Solving for $\alpha$:
$$\tanα+2\tan2α+4\tan4α+8\tan8α+16\tanα=\cotα$$
My knowledge of trigonometry are still insufficient to resolve this problem. Any help would be greatly appreciated.
Solving for $\alpha$:
$$\tanα+2\tan2α+4\tan4α+8\tan8α+16\tanα=\cotα$$
As $\cos2A=\cos^2A-\sin^2A, \sin2A+2\sin A\cos A,$
$$\cot A-\tan A=\frac{\cos^2A-\sin^2A}{\cos A\sin A}=2\cot 2A$$
$$2\tan2\alpha+4\tan4\alpha+8\tan8\alpha+16\tan\alpha=\cot\alpha-\tan\alpha=2\cot2\alpha$$
$$\implies 4\tan4\alpha+8\tan8\alpha+16\tan\alpha=2(\cot2\alpha-\tan2\alpha)=2\cdot2\cot4\alpha$$
$$\implies 8\tan8\alpha+16\tan\alpha=4(\cdot2\cot4\alpha-\tan4\alpha)=4\cdot(2\cot8\alpha)$$
$$\implies 16\tan\alpha=8\cdot(\cot8\alpha-\tan8\alpha)=8\cdot2\cot16\alpha$$
$$\implies \cot16\alpha=\tan\alpha=\cot\left(\frac\pi2-\alpha\right)$$
$$\implies 16\alpha=n\pi+\frac\pi2-\alpha$$ where $n$ is any integer
$$\implies \alpha=\frac{(2n+1)\pi}{2\cdot17}$$
While there may be a more slick way to solve a problem like this, you can repeatedly apply $$\tan(2x)=\frac{2\tan(x)}{1-\tan^2(x)}$$ until you have a rational equation in $\tan(\alpha)$. I haven't checked how unwieldly the resulting rational equation gets, since there is some uncertainty if the equation has the intended coefficients.

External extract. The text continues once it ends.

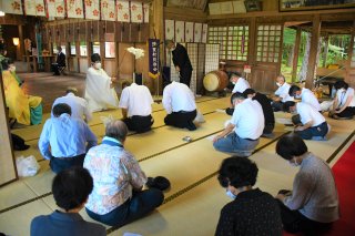 拝殿で慰霊祭を実施。コロナ禍で出席者は例年の半分程度だったが、追悼と平和への思いを新たにした

Iterating the identity $\cot(\alpha)-\tan(\alpha)=2\cot(2\alpha)$, we get $$ \cot(\alpha)-\tan(\alpha)-2\tan(2\alpha)-4\tan(4\alpha)-8\tan(8\alpha)=16\cot(16\alpha)\tag{1} $$ Therefore, using $(1)$, the equation in question becomes $$ \cot(16\alpha)=\tan(\alpha)\tag{2} $$ which, due to the periodicity of $\tan$, is equivalent to $$ n\pi+\frac\pi2-16\alpha=\alpha\tag{3} $$ That is, $$ \alpha=\frac\pi{34}(2n+1)\tag{4} $$